START INFORMATION GIVEN

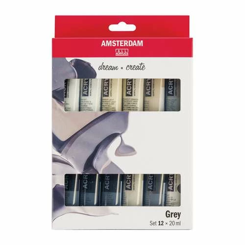 Talens Amsterdam Standard Series Acrylic Sets contain 12 x 20ml tubes of creamy acrylic paints made using 100% acrylic emulsion and high-quality pigments. The paint can be diluted with water and is waterproof when dry.
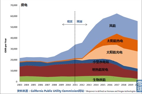 以美国加州为例,作为Solarcity的发源地,美国加州从2002年就提出了“到2010年止,可再生能源占电网电力比例达20%”的目标,并在2005年提出了“到2020年止,可再生能源占电网电力比例达33%”的目标,并将该目标在2011年写入法律。
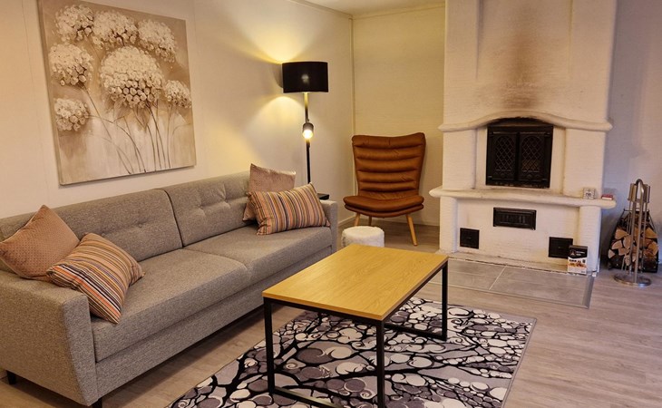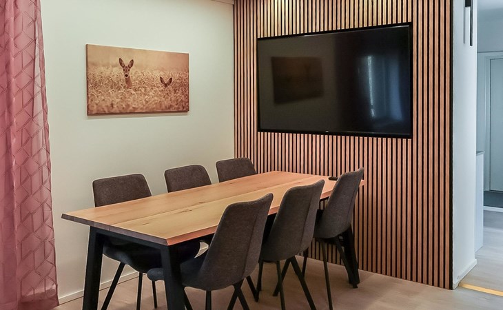The living room features a heat-storing fireplace and a long table for eight people. The TV is placed on the wall above the table so it can be used for meetings.
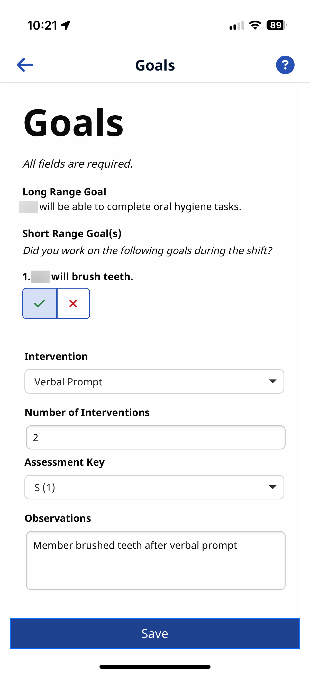 Use the Goals feature on the Mobile App to answer questions and track the progress of Person-Centered Plans (PCP) that help patients be self sufficient as a part of Care Planning in IDD/DDD programs. This feature is enabled by the Agency.
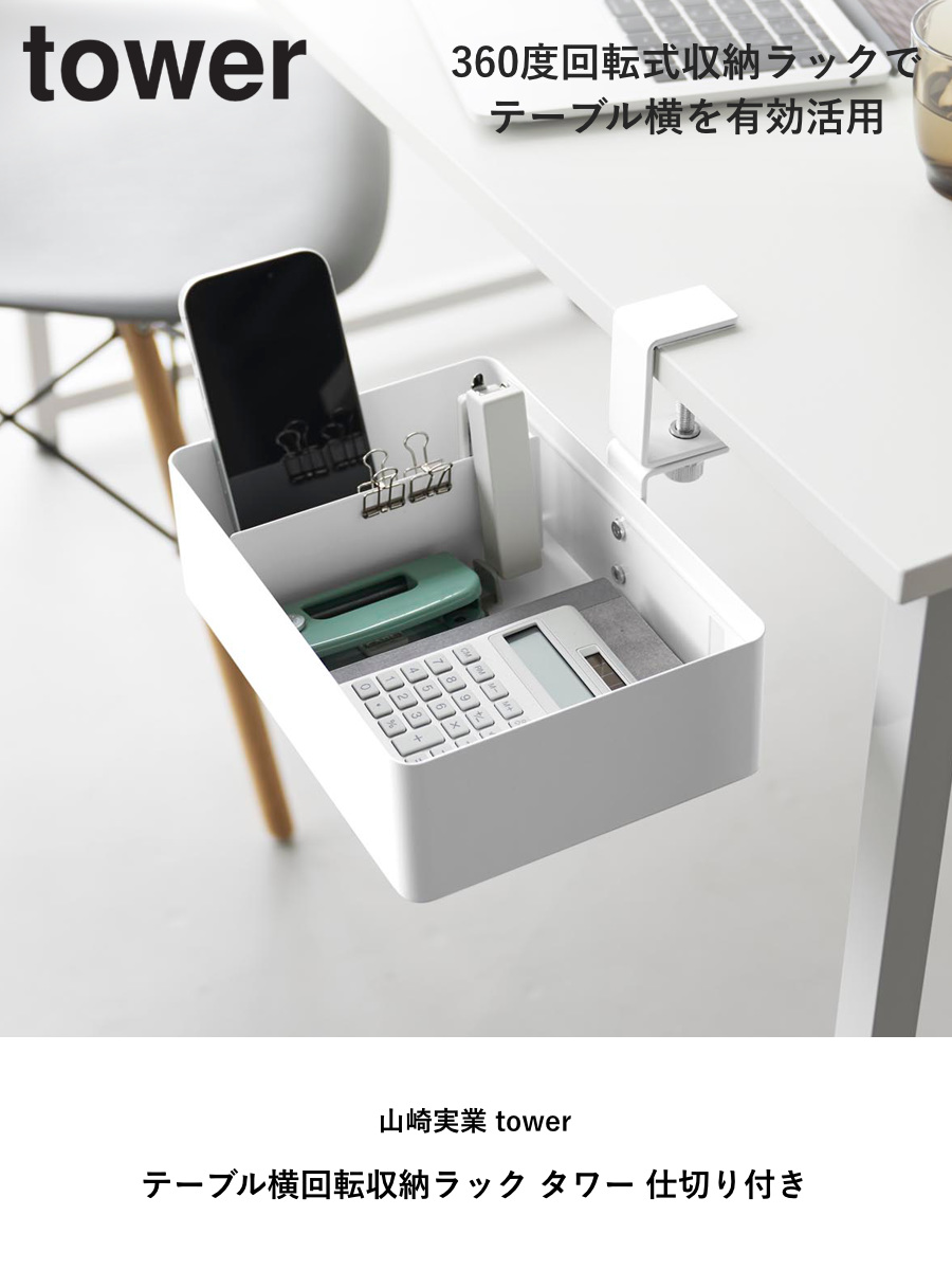 山崎実業 tower テーブル横回転収納ラック タワー 仕切り付き ( 4903208103657 タワーシリーズ テーブル 回転収納ラック 仕切り テーブル横 回転収納 ラック 仕切りあり 収納 テーブル下収納 小物収納 ) 【ホワイト】
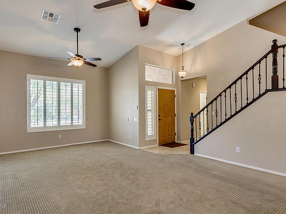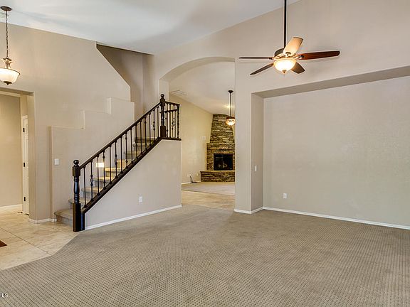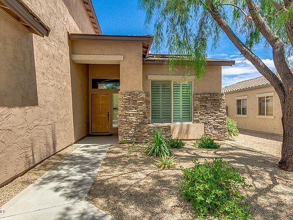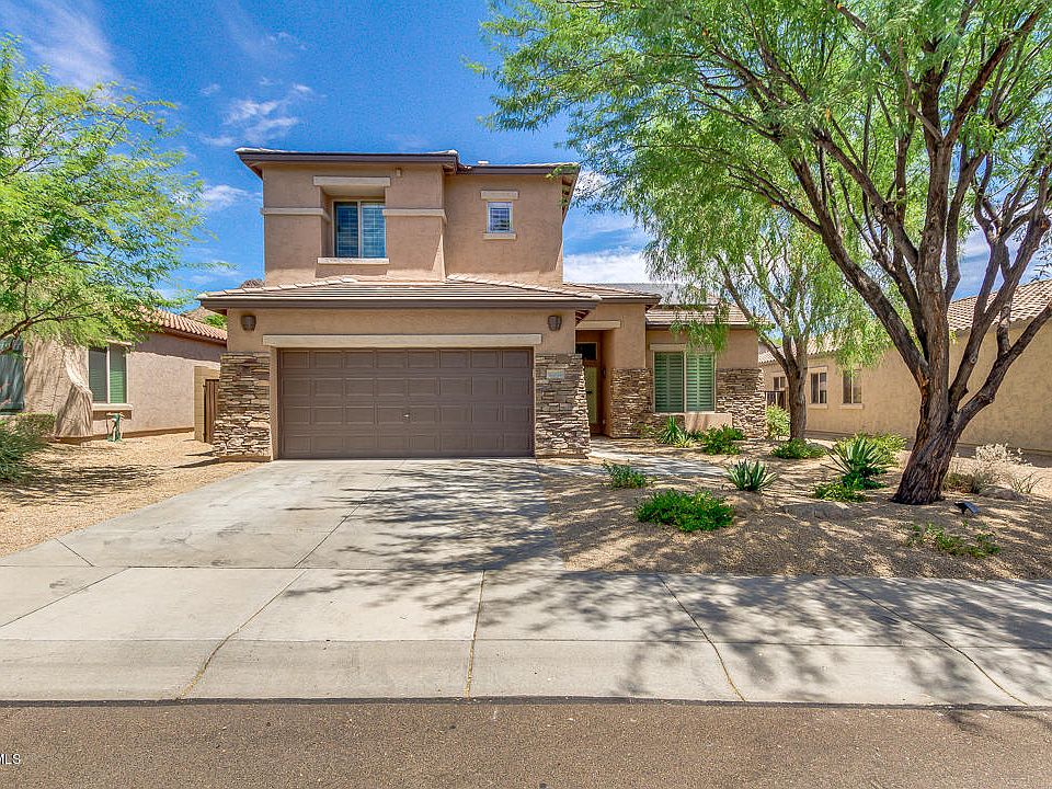 A Beautiful home in the desirable community of West Wing Mountain. It has vaulted ceilings, 4 bedrooms, 2.5 baths and a den/office. The kitchen has a bright and open layout with stainless steel appliances, an island and breakfast bar that opens to the large family room with a stunning stone fireplace. The master bedroom and den are on the 1st floor, 3 bedrooms on the 2nd. This home has solar, making the electric bills extremely low. The fully landscaped backyard is perfect to enjoy the Arizona weather with a pool, artificial turf, mature plants with an automatic watering system and a gas stub for a BBQ grill. The exterior has recently been painted. The neighborhood has gorgeous mountain views and hiking trails nearby. This home has everything! It just needs a new owner!
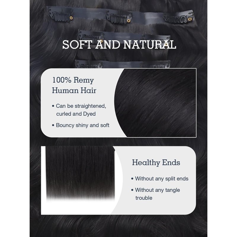 - Premium Human Hair Clip in: These high-grade remy human hair extensions are tangle-free, offering a smooth and natural look while feeling soft and comfortable. They can be restyled, straightened, curled, dyed, and styled as desired, but try to avoid using too much heat (keep it under 250F). We recommend washing them less frequently to prolong their lifespan.
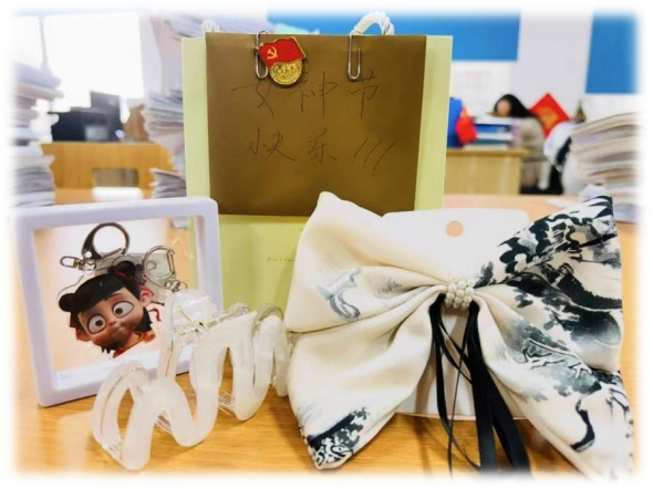 清晨,党建助理们早早来到办公室,手拿贺卡和精心挑选的小礼物,等待老师们的到来。每一份礼物都承载着学生对老师的感恩之情。

END INFORMATION GIVEN

→ ASSIGNMENT
Quote precisely the lines of the data from the line containing "A Beautiful home" through its final line, both included, excluding pictures.

→ TASK RESULT
 A Beautiful home in the desirable community of West Wing Mountain. It has vaulted ceilings, 4 bedrooms, 2.5 baths and a den/office. The kitchen has a bright and open layout with stainless steel appliances, an island and breakfast bar that opens to the large family room with a stunning stone fireplace. The master bedroom and den are on the 1st floor, 3 bedrooms on the 2nd. This home has solar, making the electric bills extremely low. The fully landscaped backyard is perfect to enjoy the Arizona weather with a pool, artificial turf, mature plants with an automatic watering system and a gas stub for a BBQ grill. The exterior has recently been painted. The neighborhood has gorgeous mountain views and hiking trails nearby. This home has everything! It just needs a new owner!
 - Premium Human Hair Clip in: These high-grade remy human hair extensions are tangle-free, offering a smooth and natural look while feeling soft and comfortable. They can be restyled, straightened, curled, dyed, and styled as desired, but try to avoid using too much heat (keep it under 250F). We recommend washing them less frequently to prolong their lifespan.
 清晨,党建助理们早早来到办公室,手拿贺卡和精心挑选的小礼物,等待老师们的到来。每一份礼物都承载着学生对老师的感恩之情。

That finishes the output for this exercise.